_Aim of the task_. Your output should match the listing below word for word, without any images.

_Collected material_.
┌────────
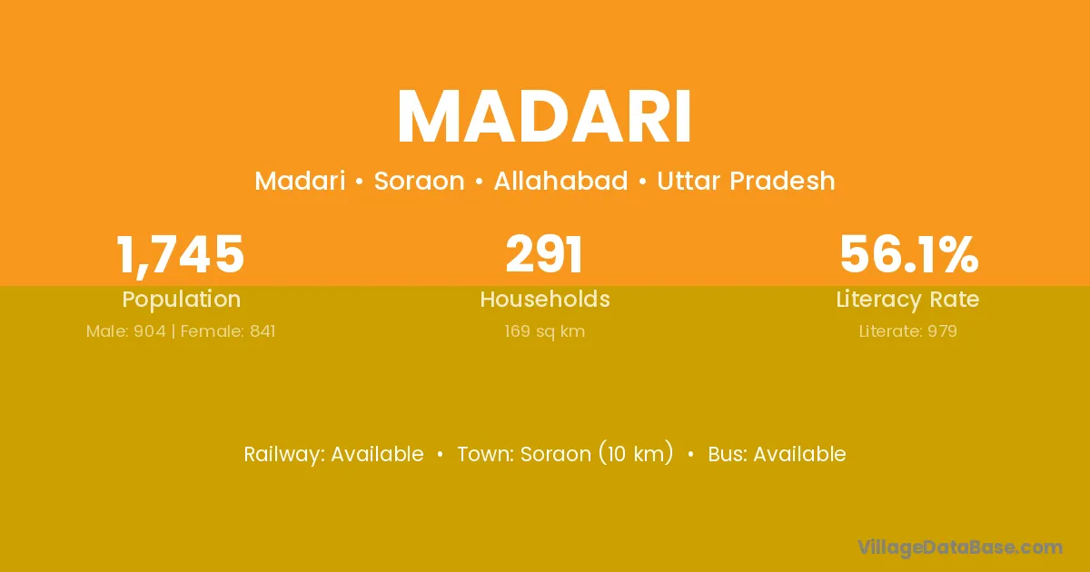 Rewa (8 km) is the nearest town to Madari village for major economic activities and is located approximately 8 km away.
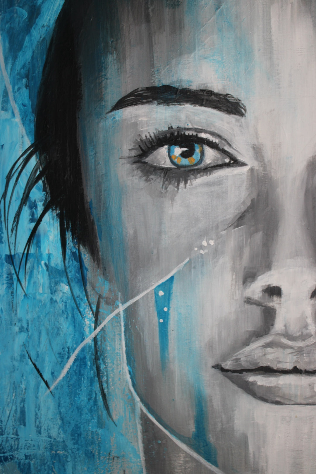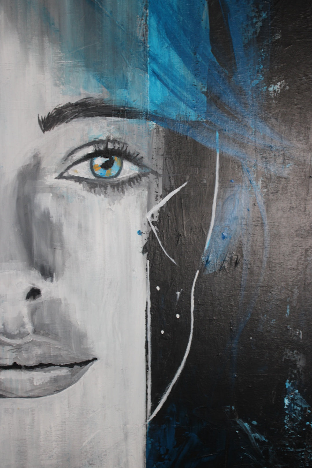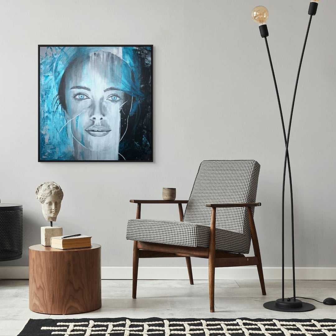 Luminous Allure captures an ethereal presence. Painted in moody blues and blacks, her face shines as if lit from within. Is she seeing you, or searching for something beyond your gaze?
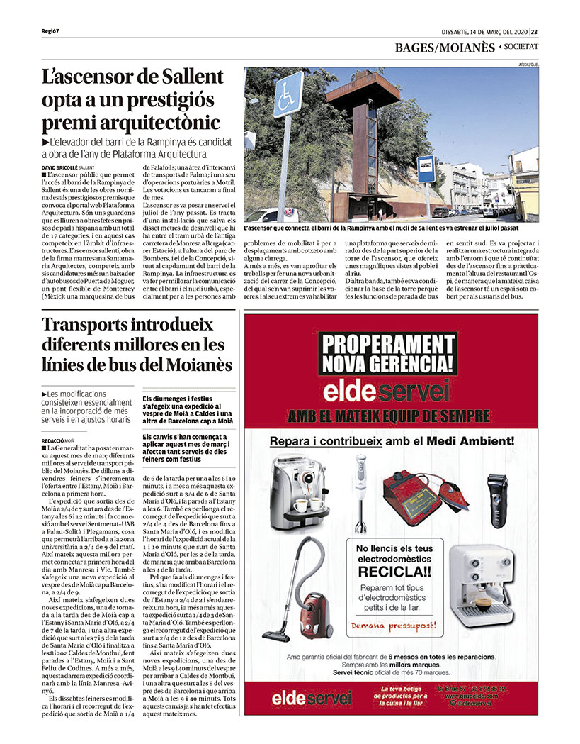 Ascensor públic per millora d'accessibilitat al barri de "La Rampinya" a Sallent
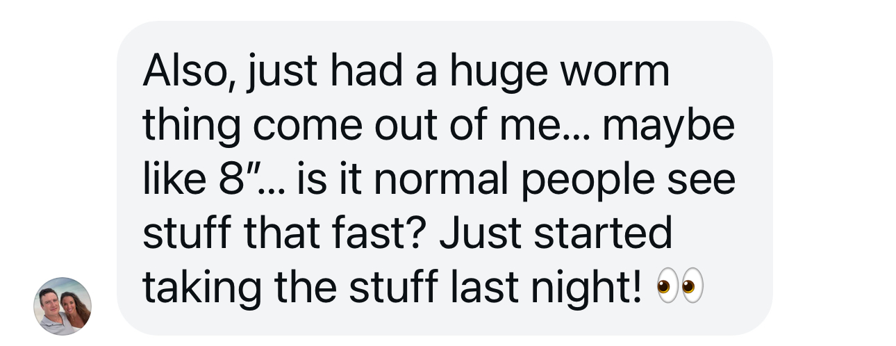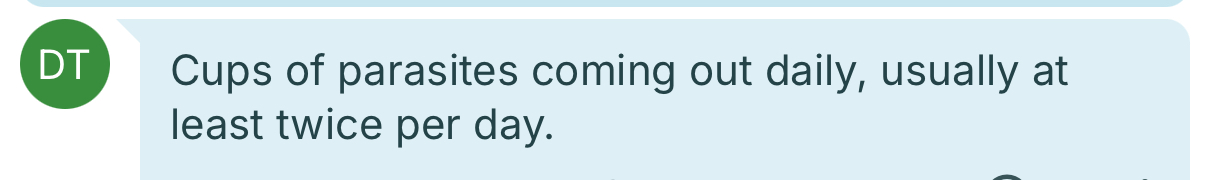 " I was super hesitant to even do a parasite cleanse. I truly can't believe what I am seeing come out of me!! I feel better already! "
└────────
_Exercise solution_.
 Rewa (8 km) is the nearest town to Madari village for major economic activities and is located approximately 8 km away.
 Luminous Allure captures an ethereal presence. Painted in moody blues and blacks, her face shines as if lit from within. Is she seeing you, or searching for something beyond your gaze?
 Ascensor públic per millora d'accessibilitat al barri de "La Rampinya" a Sallent
 " I was super hesitant to even do a parasite cleanse. I truly can't believe what I am seeing come out of me!! I feel better already! "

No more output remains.